Schematic overview of phenotypic switch of contractile SMCs to osteoblast-like SMC by uptake of enzyme modified LDL in the medial layer and neo-intima in blood vessels. 1a: entry of circulating monocytes and transformation to macrophage foam cells provides enzymatic and inflammatory input for various modifications of native low density lipoprotein (LDL). 1b: Modification of LDL to oxidized LDL (oxLDL) by Phospholipase A2 (sPLA2), Lipoxygenase or Myeloperoxidase. oxLDL is readily taken by macrophages. 2a: Cholesterol esterase together with proteases (plasmin, metalloproteinases (MMPs) or cathepsin) generate non-oxidized enzymatic modified LDL (ELDL).
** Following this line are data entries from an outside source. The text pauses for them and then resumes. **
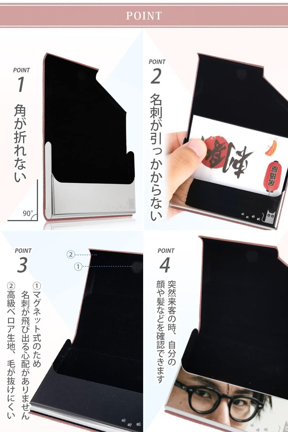 【飛び出る防止】マグネット式のため、持ち歩きの際に名刺が飛び出ることを完全防止◎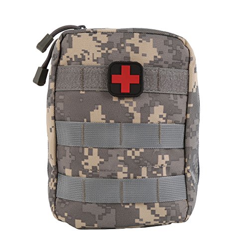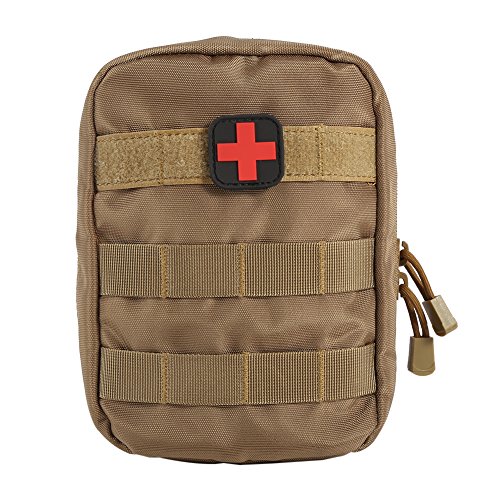 -. Feature : Molle tactical EMT pouch size is 20*18*9cm/ 7.8*7*3.5in. It's EMT first aid bag only. / Tactical medical pouch is made of durable and waterproof fabric. Sturdy double stitching, includes 2 way zipper with silent cord pulls. / EMT pouch included a free first aid patch on velcro molle webbing, also you can attach any patches you have as tactical molle first aid utility pouch, little Ifak bag. / Strong webbing belt loop on rear, deadly hard wearing & heavy duty. MOLLE attachment straps to be worn on belt, vest or pack etc tactical platform, or put in your car as car first aid kit bag. / Easy to use. Double zipper closer, multiple pockets, elastic loops, instrument holders and zippered mesh compartment for small supplies.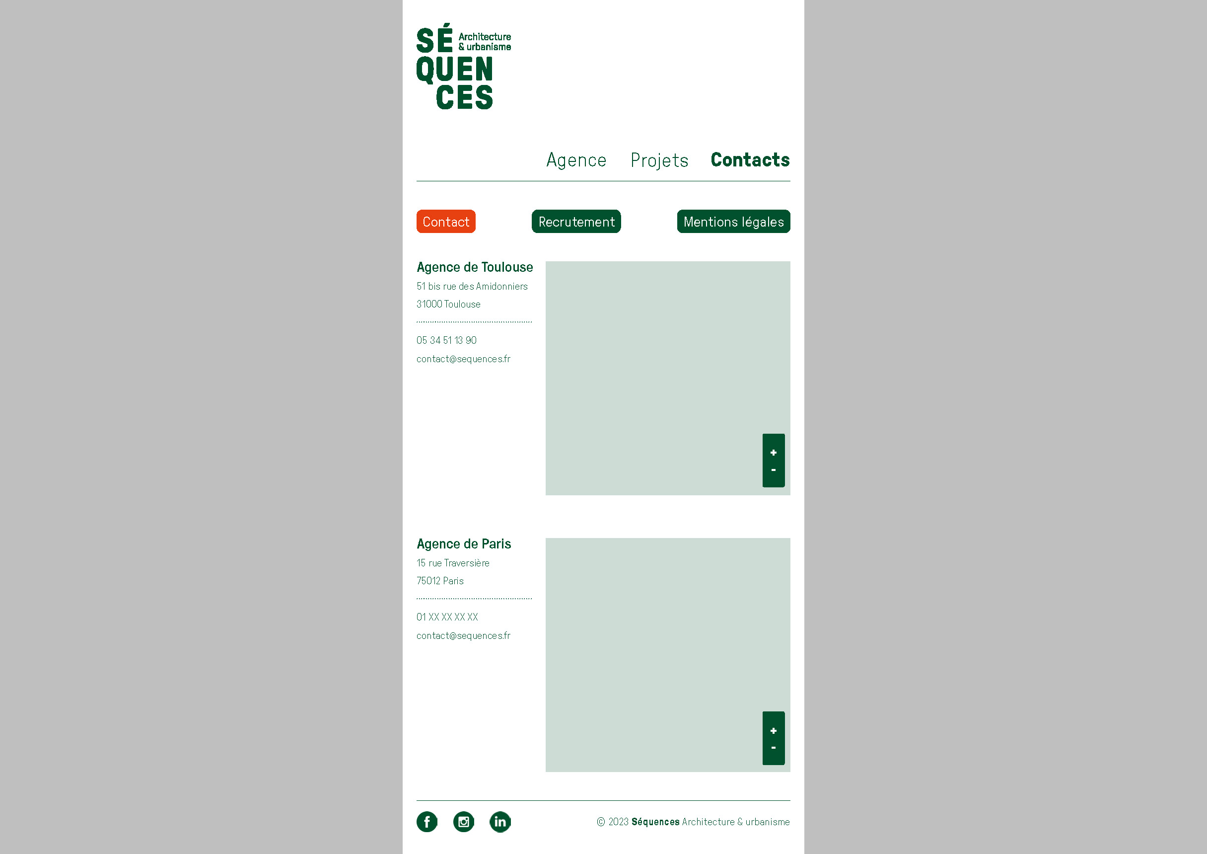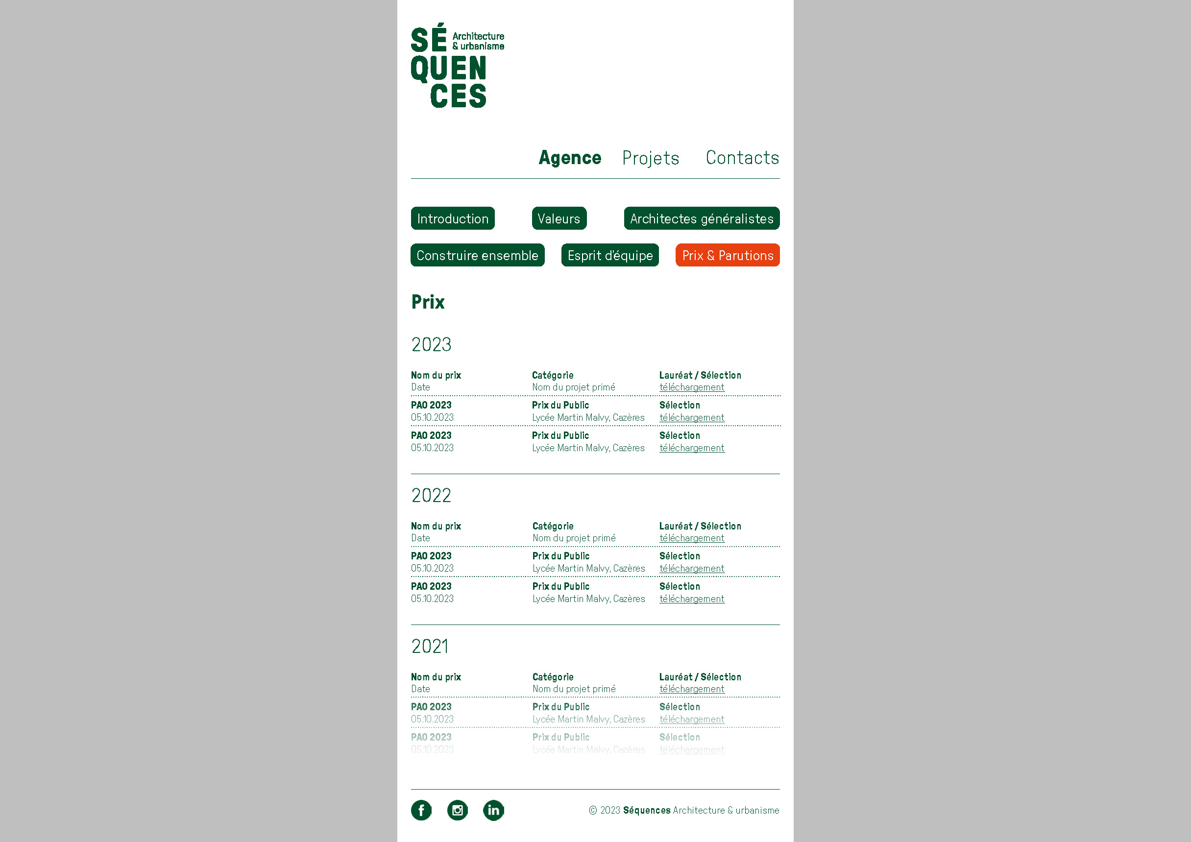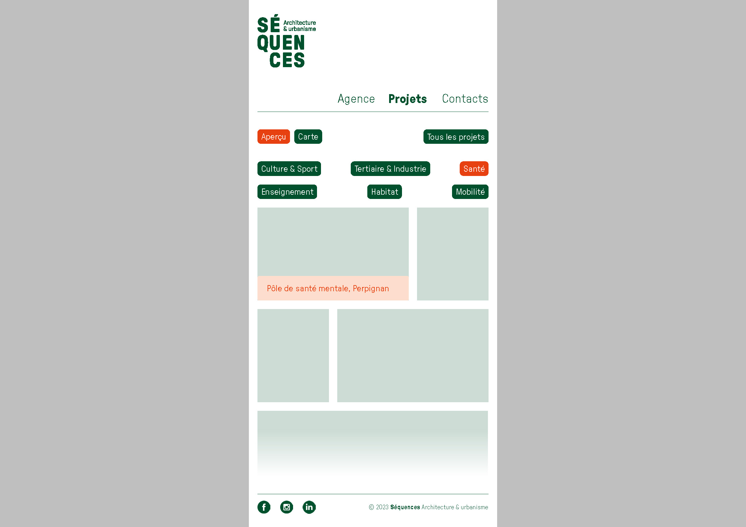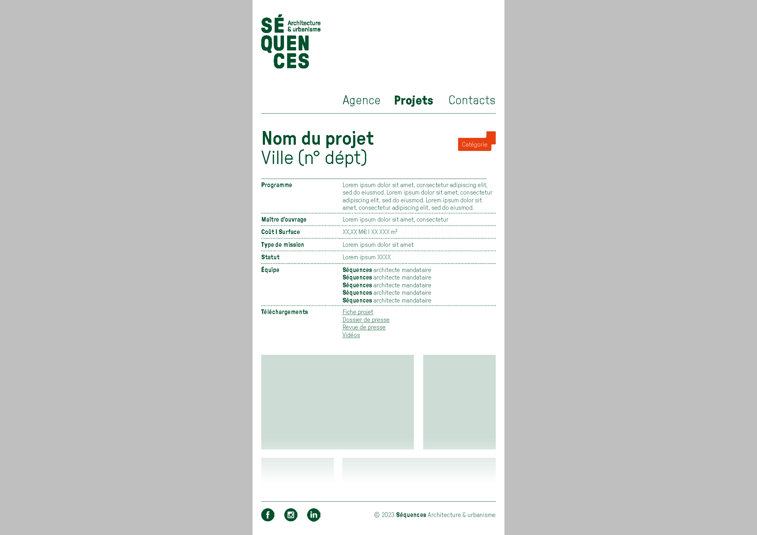 L’agence d’architecture et d’urbanisme Séquences nous a confié un diagnostic de l’ensemble de ses supports de communication existants qui a mené, en premier lieu, à la refonte totale de l’identité visuelle. Nous avons ensuite lancé la refonte du site internet et l’établissement de nouveaux outils digitaux tels que la possibilité d’éditer les fiches références et les listes de vignettes directement depuis le site. Nous avons dirigé ces missions et coordonné l’ensemble des phases de conception et de production. La conception graphique est signée Laura Savignac. Le développement des outils digitaux, toujours en cours, est signé Lucas Sifoni. Nous avons créé les gabarits pour les fiches références et les vignettes en lien direct avec la nouvelle identité.

ELDL is taken up by smooth muscle cells via macropinocytosis. 2b: uptake of ELDL activates cell signaling pathways (MAPK, ERK, NFkB) and downregulates mRNA for ectonucleotide pyrophosphatase/phosphodiesterase (ENPP-1), matrix gla protein (MGP) and upregulates mRNA for bone morphogenic protein 2 (BMP2), dentin matrix protein 1 (DMP1), osteopontin (SPP1), and osterix (SP7).

Figure 6

(Upper) Schematic representation of extracellular pyrophosphate metabolisms. Pyrophosphate (PPi) is an important inhibitor of Hydroxyapatide crystal formation. Ectonucleotide pyrophosphate phosphodiesterase 1 (ENPP1) hydrolyzes adenosine triphosphate (ATP) to PPi. PPi is degraded to phosphate (Pi) by tissue nonspecific alkaline phosphatase (TNAP). (Lower) Enzyme modified LDL (ELDL) reduces ENPP1 mRNA and other inhibitors (matrix gla protein, MGP) and increases bone morphogenetic protein 2 and thereby promotes calcification of cultured human coronary artery smooth muscle cells.